> _AVAILABLE DATA_
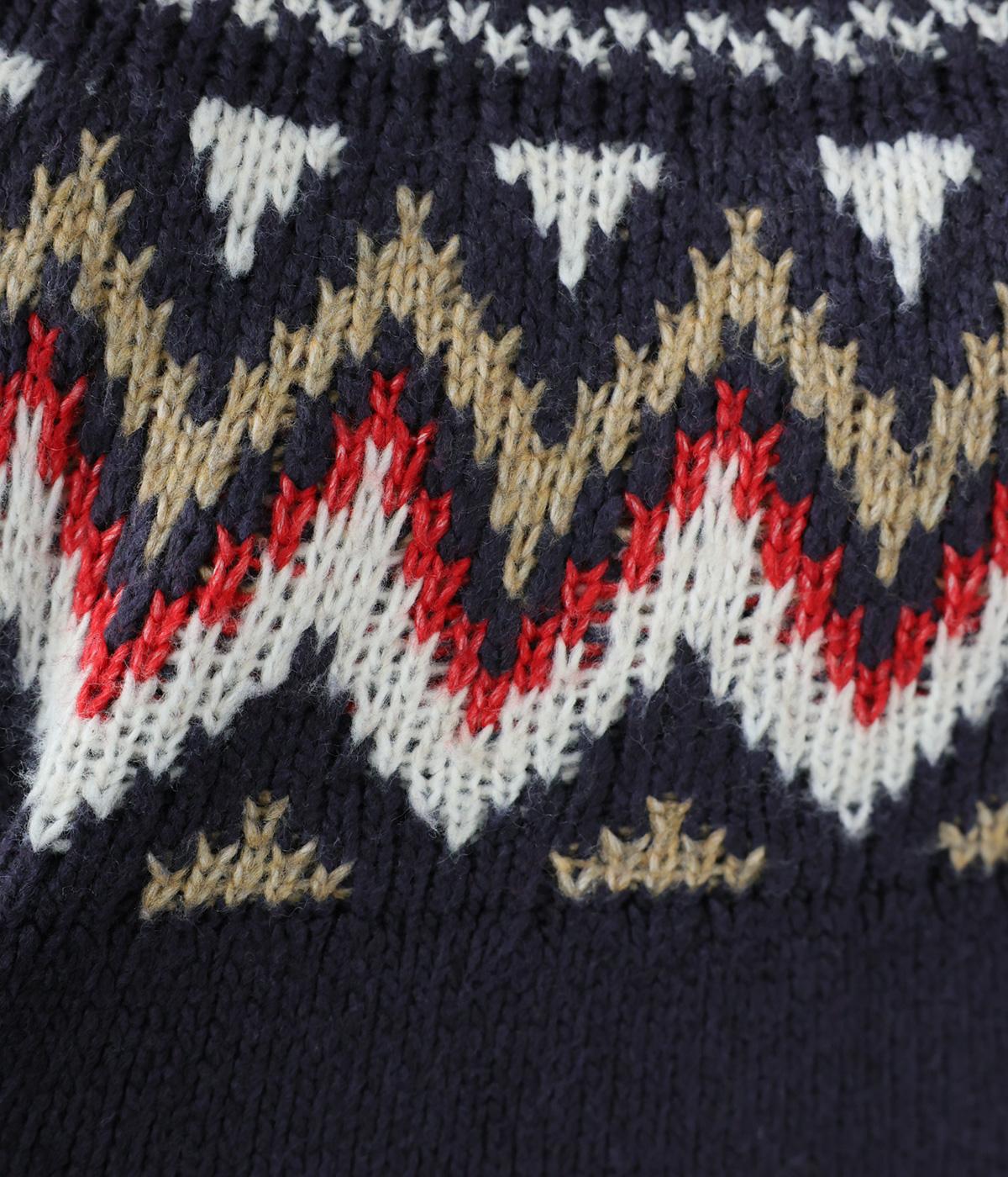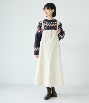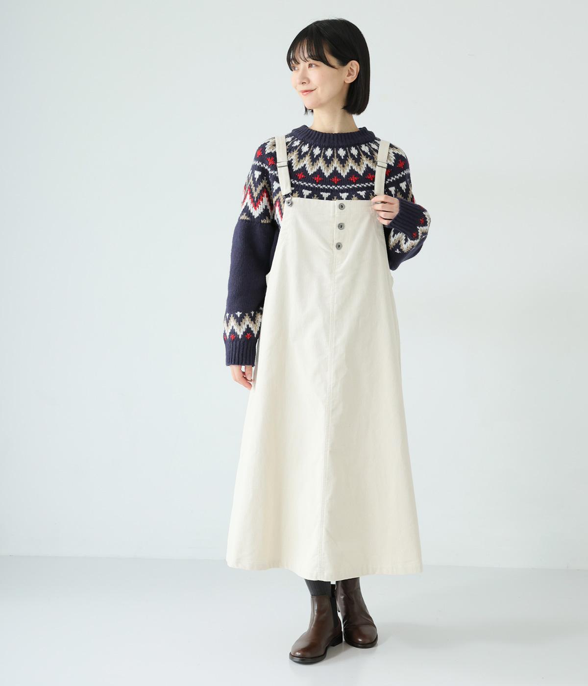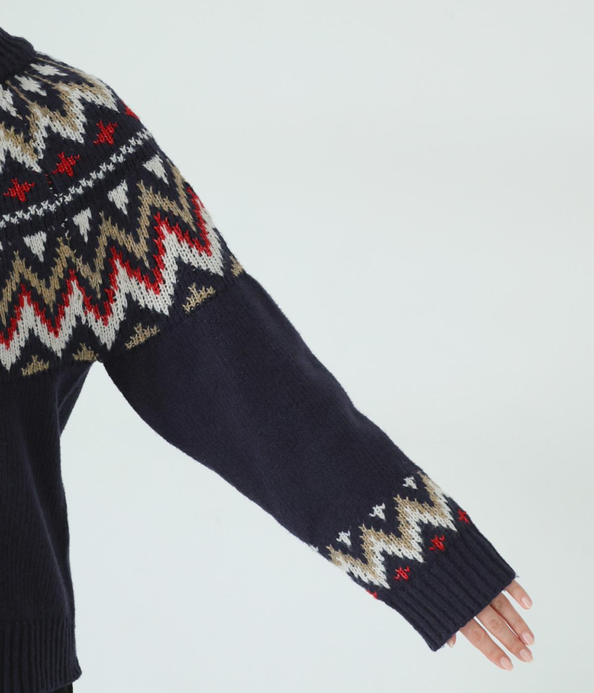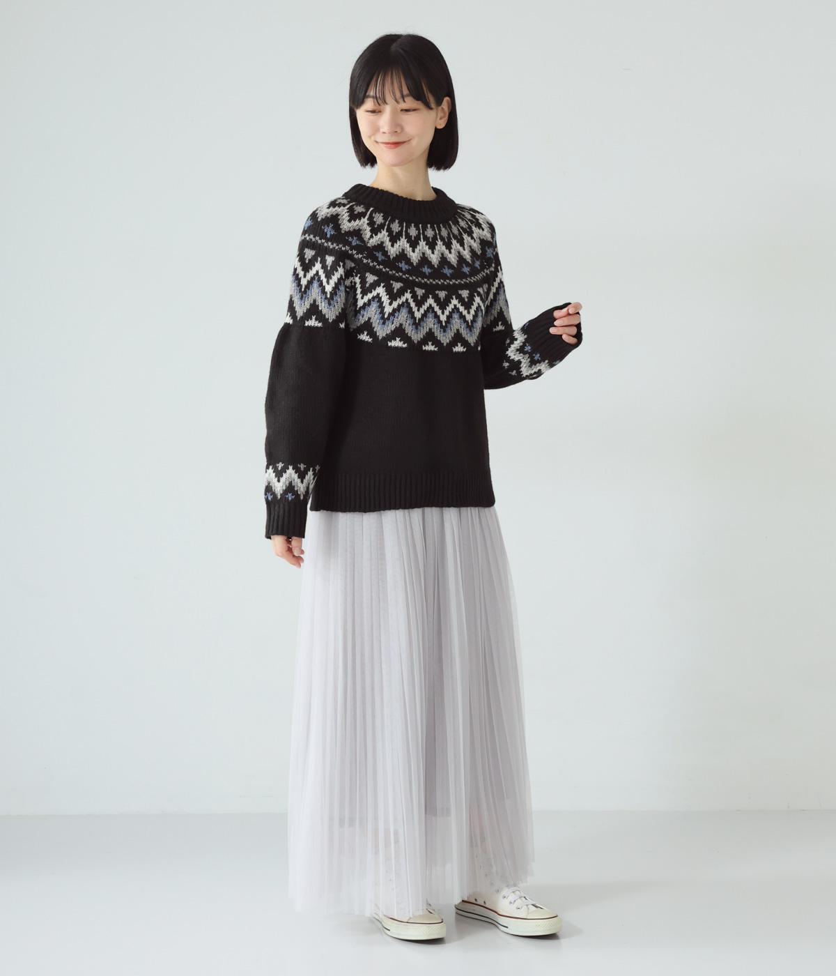チクチク感の少ないとてもやわらかな風合いが魅力のニットです。ほどよい厚みがあるのであたたかく、寒い時期にも頼れる生地感。配色にメリハリを持たせたジャカード柄にも注目です。
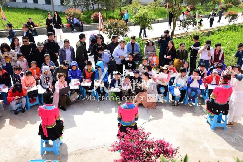 2019年4月6日,众多的小画家正在高桥村现场绘画畲娃。
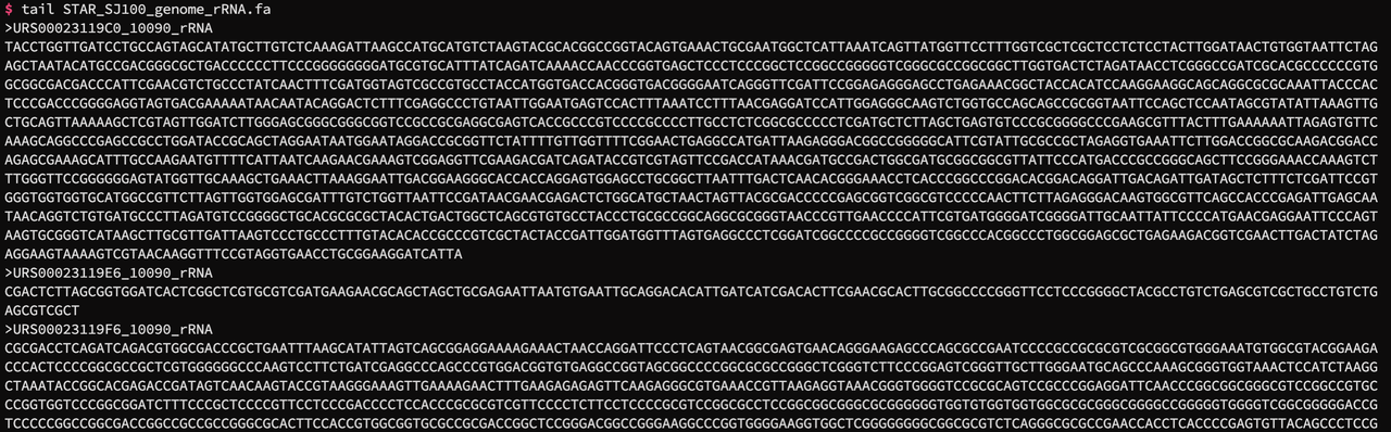 - 在参考基因组的FASTA文件中手动添加rRNA序列,在染色体序号列上增加 '_rRNA' 的后缀标识,用于程序识别,与原始参考基因信息区分开来,示例如下:
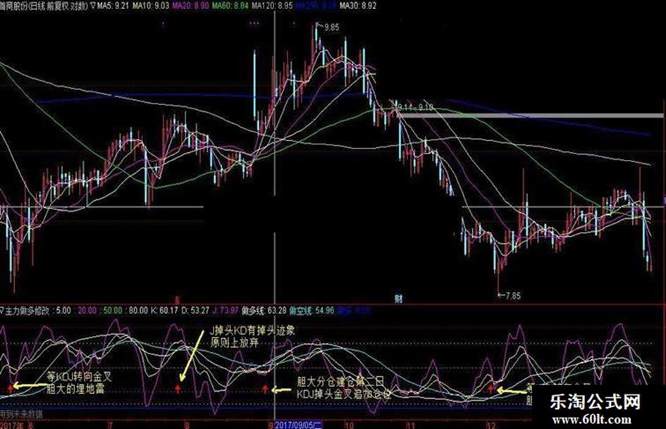 条件2:=CROSS(J,做空线) AND CROSS(K,做空线) AND CROSS(D,做空线);
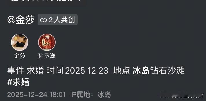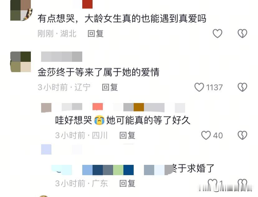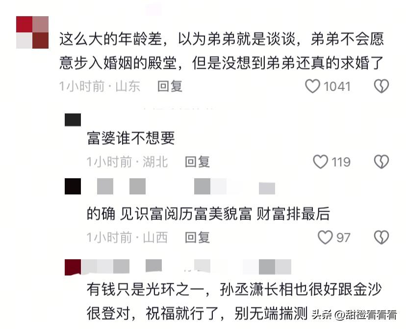 真没想到金莎被小男友求婚了,两个人相差17岁,本想着也就谈谈而已,毕竟男朋友当时还是个刚毕业的学生,也许另有想法也不一定,只是没想到,这么多年两个人的感情居然有结果了。 12月23日,孙丞潇居然真求婚了,两个人相拥的那一刻,满满的都是网友的祝福和感动,有人都感动的想哭了,没想到金莎终于等来了她的幸福,大龄女生也能遇到真爱。

> _TASK BRIEF_
For this exercise, return the material word for word and drop each image.

> _TASK RESULT_
チクチク感の少ないとてもやわらかな風合いが魅力のニットです。ほどよい厚みがあるのであたたかく、寒い時期にも頼れる生地感。配色にメリハリを持たせたジャカード柄にも注目です。
 2019年4月6日,众多的小画家正在高桥村现场绘画畲娃。
 - 在参考基因组的FASTA文件中手动添加rRNA序列,在染色体序号列上增加 '_rRNA' 的后缀标识,用于程序识别,与原始参考基因信息区分开来,示例如下:
 条件2:=CROSS(J,做空线) AND CROSS(K,做空线) AND CROSS(D,做空线);
 真没想到金莎被小男友求婚了,两个人相差17岁,本想着也就谈谈而已,毕竟男朋友当时还是个刚毕业的学生,也许另有想法也不一定,只是没想到,这么多年两个人的感情居然有结果了。 12月23日,孙丞潇居然真求婚了,两个人相拥的那一刻,满满的都是网友的祝福和感动,有人都感动的想哭了,没想到金莎终于等来了她的幸福,大龄女生也能遇到真爱。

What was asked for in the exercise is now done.